The landing of decentralized finance
DeFi is the English abbreviation for decentralized finance -decentralized finance- and is used to name a financial ecosystem built on blockchain technology. Its main characteristic lies in the fact that it is the users themselves who exchange (supply and demand) assets and financial services directly among themselves, without intermediaries, to use them as an investment or financing mechanism, for example.
How does DeFi work?
To understand how decentralized finance works, you must first understand the environment in which they operate. As we have already said, they use blockchain or ‘chain of blocks’, which consists of a network of participants connected to each other without the need for a central server and that is capable of transferring data and assets in a completely secure way and under the surveillance of the users themselves. In addition, DeFi operations are governed by smart contracts (intelligent contracts, in English), which are computer programs that also work with blockchain and that are executed automatically as the parameters that the parties involved establish in advance are met.
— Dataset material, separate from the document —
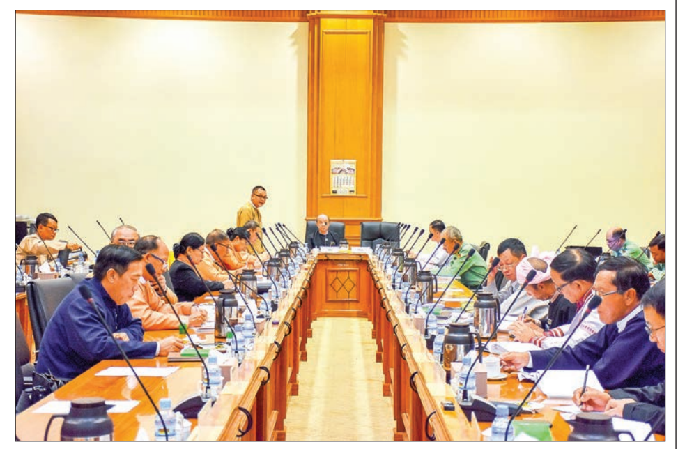
Meeting 66/2019 of Joint Committee on Amending the 2008 Constitution held in Nay Pyi Taw yesterday.

THE Joint Committee on Amending the 2008 Constitution held meeting 66/2019 at the meeting hall of Pyidaungsu Hluttaw Building D in Nay Pyi Taw yesterday.

In other words, decentralized finance uses blockchain technology to store and transfer assets digitally, ensuring compliance with agreements by all participants thanks to smart contracts.
What are DeFi for?
Taking into account that the concept of decentralized finance is still very recent, both its potential and the uses that can be given to it will depend largely on what the users themselves demand, in addition to the regulations that can be implemented in the future. At the moment, there are already individuals and companies that are investing and financing each other using DeFi applications as a bridge to connect supply with demand, and using blockchain as a guarantee of security for transactions.
What is needed to use DeFi?
Virtually anyone with Internet access can be part of this financial ecosystem and can even create and offer services, such as loans, or evolve and combine other existing services thanks to the fact that DeFi applications are built with open source, that is, that its software or computer system is available to the public to be used free of charge and even copied, improved or adapted according to the needs of each case.
To access decentralized finance applications, it is necessary to have a virtual purse or wallet in which the tokens -interchangeable digital assets- are deposited, which is the ‘exchange currency’ used to operate in blockchain technology, and which can also be bought initially with legal tender money such as the euro, dollar, etc.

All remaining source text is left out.